Впрочем, воспоминания вовсе не вовлекали его в себя. Наоборот: это они выходили из него, он замечал их, прощаясь с ними. То есть, вспомнить музей Жуковского он вспомнит, но вещества, которое было в капсуле «тренажер в музее», более не будет: сейчас он его и употребил напоследок.

То есть, его прошлое, которое своими запахами и вкусом помогало ему как-то удерживать время в себе – покидало его. Будто к мозгу подступали некие французы и все обитатели города М. его головы разбегались, вывозя на подводах домашний скарб. А в оставленных домах останутся только второсортные вещи, всякие тряпки, бывшие газеты, пахнуть там будет растревоженным старьем, и только.


* * *

28 января состоялось катастрофическое зрелище, оно началось в 16.40. Малиновое солнце, чистое небо, чуть сизоватое, если отсчитывать от голубого. Вдалеке тускло, какой-то латунной монетой, советским пятачком блестел купол храма Христа Спасителя, а сбоку от него, справа, почти соприкасаясь, примостился полный диск луны, полупрозрачный, белесый. Погода дергалась: в восемь утра лил дождь, в полдень выглянуло солнце, птички ошибочно зачирикали, будто уже весна, но – внезапно все разом замерзло и вокруг стало скользко. В чем, собственно, тут катастрофичность, было неясно, но она явно организовала эти перемены.

Катастрофичность внятно выказала себя к ночи. Она состояла в остекленении: двор стал прекрасен.

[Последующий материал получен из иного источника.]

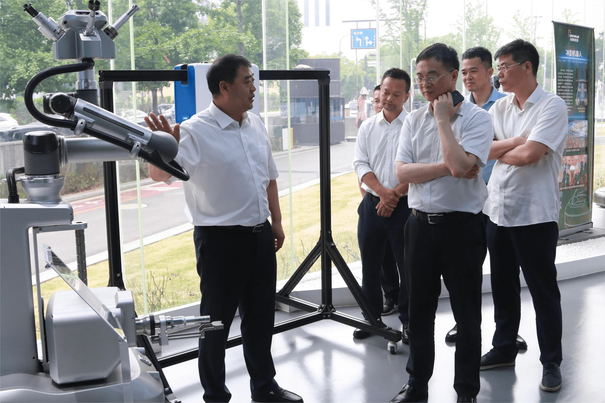 5月30日,杭州地鐵集團(tuán)董事長朱少杰率領(lǐng)代表團(tuán)訪問申昊科技,與申昊科技領(lǐng)導(dǎo)就合作事宜進(jìn)行討論。杭州地鐵集團(tuán)副總經(jīng)濟(jì)師、投資運(yùn)營部長周華,機(jī)電設(shè)備部長朱建華,杭州地鐵運(yùn)營公司黨委書記、董事長徐波,杭州地鐵科技公司董事長朱佳峰等領(lǐng)導(dǎo)陪同考察。申昊科技董事長陳如申、總經(jīng)理曹光客等領(lǐng)導(dǎo)出席接待。雙方一同參觀申昊科技,并就地鐵數(shù)字化轉(zhuǎn)型進(jìn)行探討。
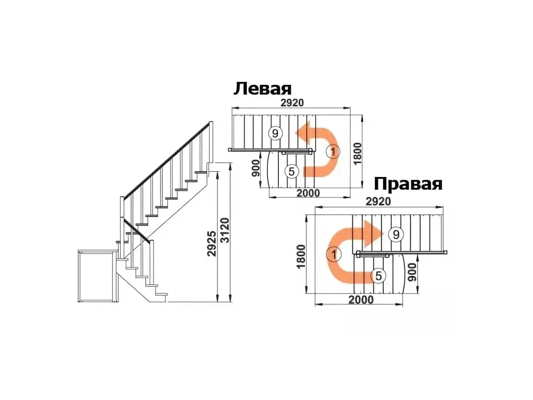 Материал: Дуб (ступени и поручень), сосна (косоуры, столбы, балясины)
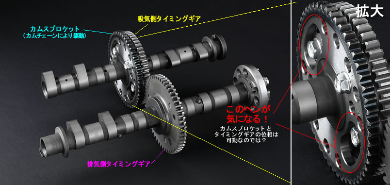 この吸気側カムギア周辺の構造です。
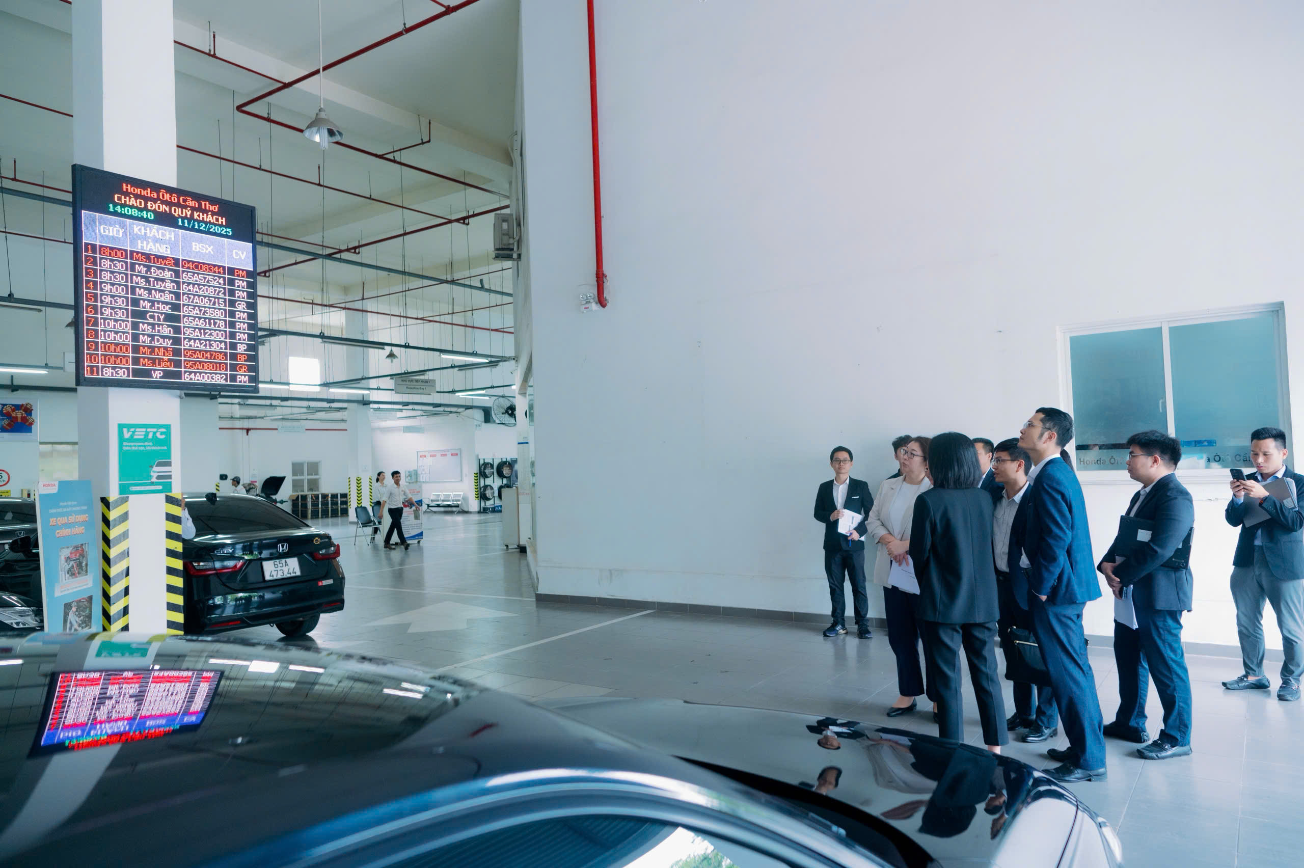 Trong chuyến ghé thăm, phái đoàn đã tham quan toàn bộ khu vực showroom trưng bày, tìm hiểu hoạt động bán hàng, trải nghiệm không gian tiếp đón khách hàng theo tiêu chuẩn Honda. Bên cạnh đó, đoàn cũng dành thời gian khảo sát khu vực xưởng dịch vụ, lắng nghe những chia sẻ thực tế về quy trình, chất lượng phục vụ và hiệu quả vận hành của đại lý.

С утра он был заполнен оттепельной водой, занявшей промежутки между островками рыхлого снега. Теперь вода блестела, но это была уже не вода, а чистый лед, застывший, стекая к краям двора (в центре двор был чуть повыше). Лишь одна дорожка была присыпана песком – для пенсионеров, вдоль их маршрута в гастроном, гуманно. А все остальное было совершенно скользким, даже все бугорки и камни. Будто замер (з) ший мозг. Впрочем, тот бы покрылся инеем и с грохотом трескался бы от такого стягивания.

Так что все можно объяснить холодом: на морозе можно представить себе вещи и так, и этак. Но точка остановки мира, она же – точка его сборки (остановился, огляделся, ни хрена не понял, все и собирается заново в кучку) была у него размером с внутренность МКАДа. Была просто внутренностями Московской кольцевой. Городом Мозгва.


* * *

А в переходах повсюду стояли мрачные попы с деревянными ящиками на поясах – в этом состояло их миссионерство и прозелитизм РПЦ, чтобы бороться с прозелитизмом католиков, расширявших на территорию РФ свои епархии, угрожая завлечь всех органной музыкой, запретом абортов и презервативов, серебряными сердцами на красном бархате и сидячими местами в храмах.

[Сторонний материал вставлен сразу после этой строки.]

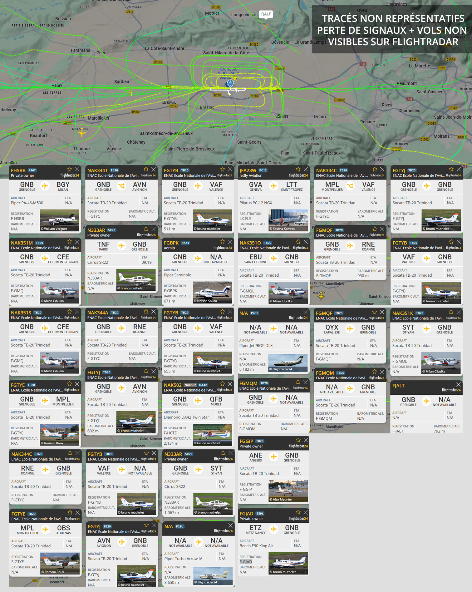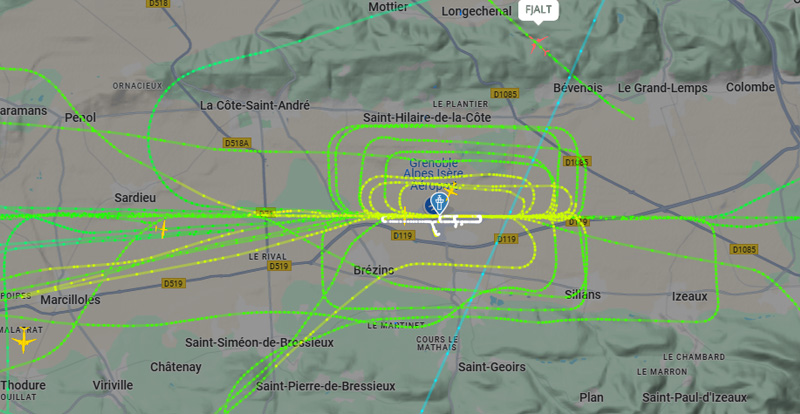Peu de nuisances grâce à la météo. Mais toujours des tours de piste… Visuel non représentatif de la réalité, perte fréquente de signaux et vols non visibles sur Flightradar.
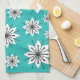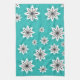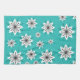 Feiern Sie Weihnachten in diesem Jahr mit einer Geschenkidee im Retro-Stil der 50er Jahre mit Schneeflocken und atomaren Sternexplosionen mit türkisblauem Hintergrund.
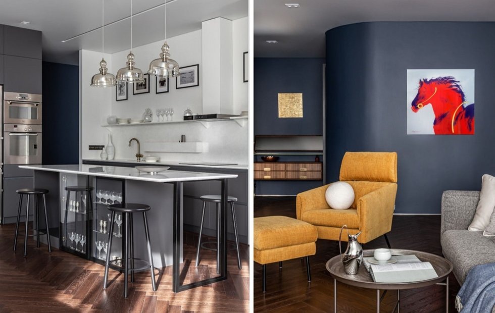 Стильный интерьер, который отражает любовь хозяев к искусству, антиквариату и синему цвету Место: Москва Тип дома: Монолитно-кирпичный Метраж: 158 кв. м Год реализации: 2021 Комнаты: 4 Cанузлы: 2 Бюджет: 15 млн рублей Дизайн: Анастасия Федоровская Стилист: Ольга Антонова Фото: Женя Муравьева Дизайнер Анастасия Федоровская из студии ANFEDO создала уютный и уникальный интерьер в доме на Зоологической улице в Москве. Заказчиками выступила семейная пара с подростком-сыном. Супруги работают в креативной индустрии и испытывают любовь к предметам с историей. Они обратились к дизайнеру по рекомендации, осознав, что не могут завершить проект самостоятельно. Квартира была уже с возведенными перегородками. Несмотря на сложную геометрию комнат, планировку «перекраивать» не стали. Здесь есть мастер-спальня, кухня-гостиная, комната подростка, два санузла и комната для гостей. Согласно пожеланиям заказчиков была выбрана темная и насыщенная палитра. Для оформления стен использована английская краска с
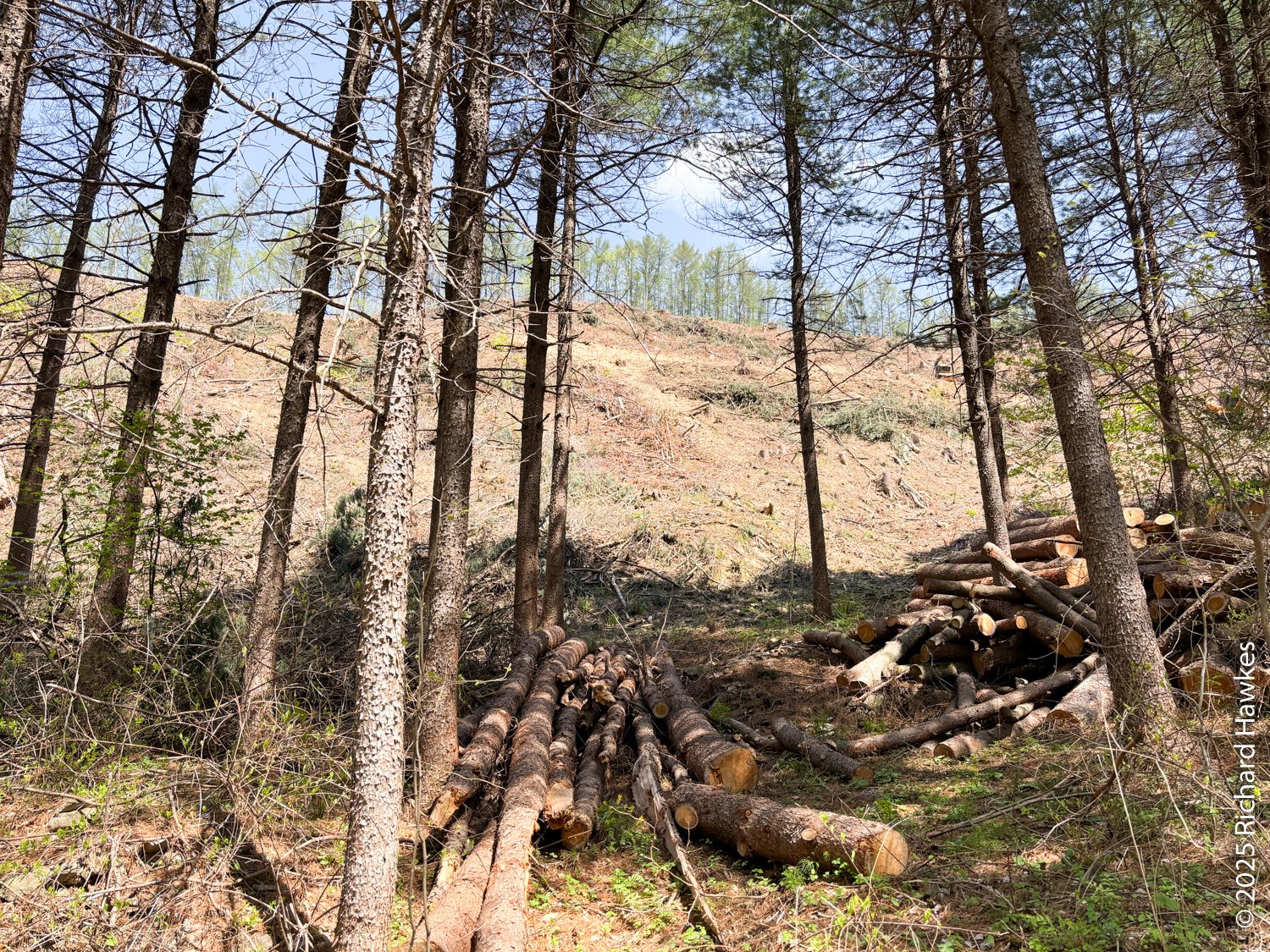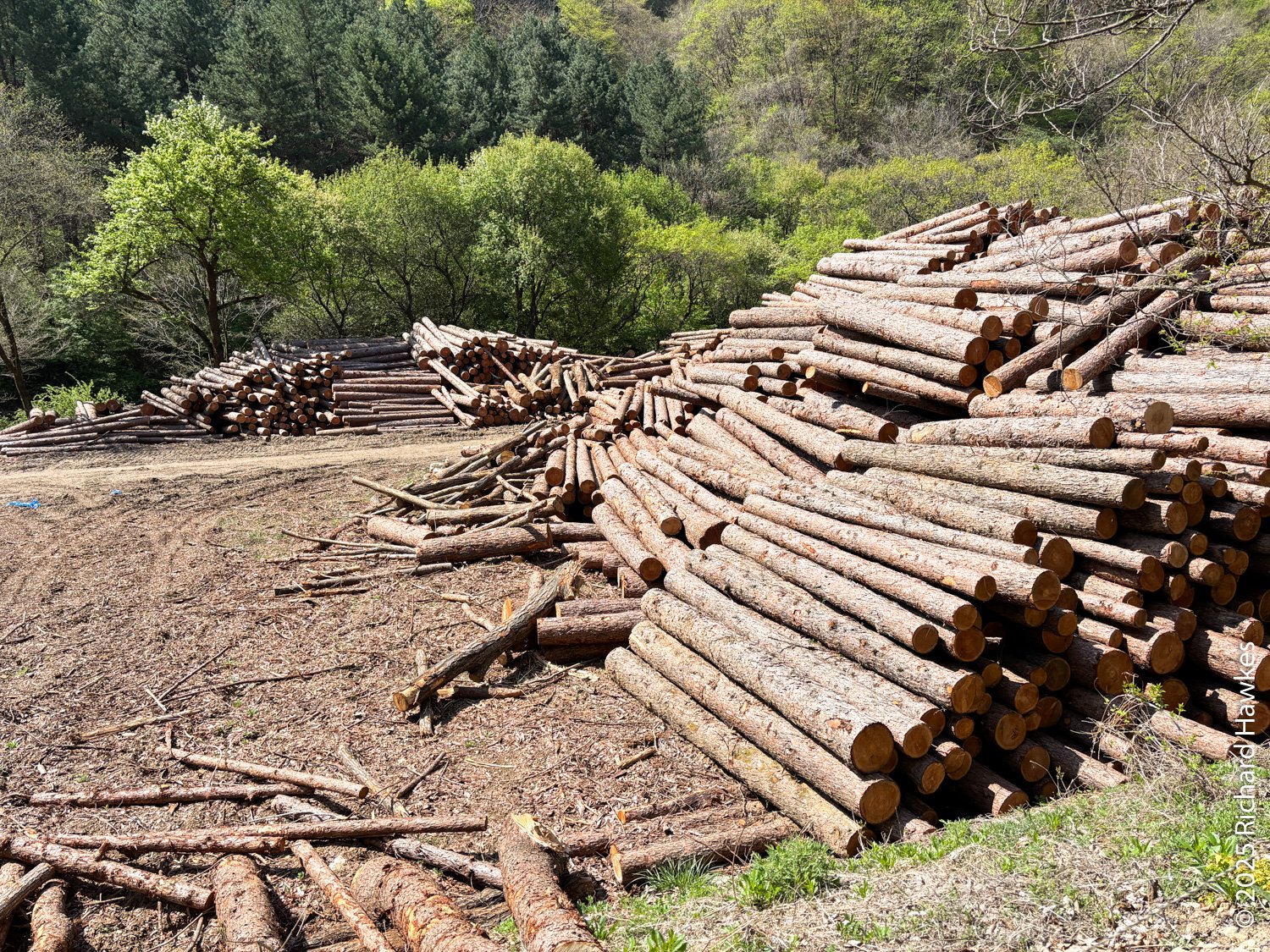 Much farther up the road, it turns to a dirt and rock track and you encounter the first of many water crossings. On the way were some people logging up a hill with some heavy equipment and I passed a log storage area and some stripped hills around. On this part of the trail there were a few views to the green hills up ahead.

Уж сделали бы, что ли, Христа в ушанке, – не по поводу лагерных страстей, а потому, что холодно тут – раз уж такие национальные. Было интересно, а могут ли они быть хотя бы приветливыми и не строить из себя агентов Комитета Духовной безопасности? А то все намекают: у нас, де, есть нечто. Ну так и хрен с этим чем-то вашим, раз уж оно такое ваше.


* * *

Одиноко ему стало. Жена, почувствовав что-то неладное, обращалась к нему с неопределенными нежностями. Мило манерничала, всякое такое, немного нелепо. Видимо, потому, что не знала, как себя вести, хотя от нее ничего и не предполагалось, сам-то себя он со стороны не видел, вот и не понимал, в чем причина такого ее чириканья. То есть, надо полагать, он, но почему?

И зачем в такой манере, девичьей? Как-то это стилистически неточно. Впрочем, если уж она кокетничает с ним именно так, то полагает этот способ адекватным. То есть воспринимает его как существо, в отношении которого такие действия могут иметь смысл. То есть воспринимает его не адекватно и каков вывод? Она живет с кем-то, кто не является им? Но, если он точно знает, что является каким-то другим, то почему это не видно со стороны и чья тут вина? Но вряд ли с ее стороны дело доходило до формы проявления сущностей, да и ощущаемое им одиночество было незаметным со стороны. Видимо, он был теперь букой, чем нарушал распорядок жизни, и его надо было вернуть к позитивному поведению.

Конечно, про ее ощущения он тоже знал немного, а уточнять – не удосуживался: трудоемкая работа. Жена между тем уже начала планировать отпуск в соответствии с договоренностями, написала письмо в Ленинград, подруге – в Петербург, конечно, но все равно – в Ленинград. Подруга жила в Колпино, на Бухарестской. Причем ведь письмо написала, а не позвонила – наверное, чтобы постепенно ввести в курс дела и не тратить разговор попусту. Разумная она женщина, но что делать в Колпино в белые ночи?


* * *

Еще ему нравились окрестности «Новослободской». Не все, но угол ул. Новослободской и ул. Селезеневской, по Селезневке, примерно до бань, разумеется, «Селезневских». Там был нелепый городской кусок, с одной стороны серьезные новые дома, с банком и чем-то еще пафосным, а с другой – ларьки да заборы и так до самых бань. За ларьками-киосками начинались совсем тихие места до ул. Достоевского с больничными корпусами возле площади Борьбы и до Театра Советской армии, если от Борьбы свернуть направо. Но все это дальше, а тут стояла просто пара ларьков. Он зашел в тот, что ближе к торговому центру, темно-зеленому с золотом и чем-то красным, с прядями свисающих гирлянд – красные, белые, зеленые: китайскому, короче. И напрасно зашел – продавщица торчала на улице, курила и любезничала с местным ментом. Впрочем, это правильно, когда менты и продавщицы дружат.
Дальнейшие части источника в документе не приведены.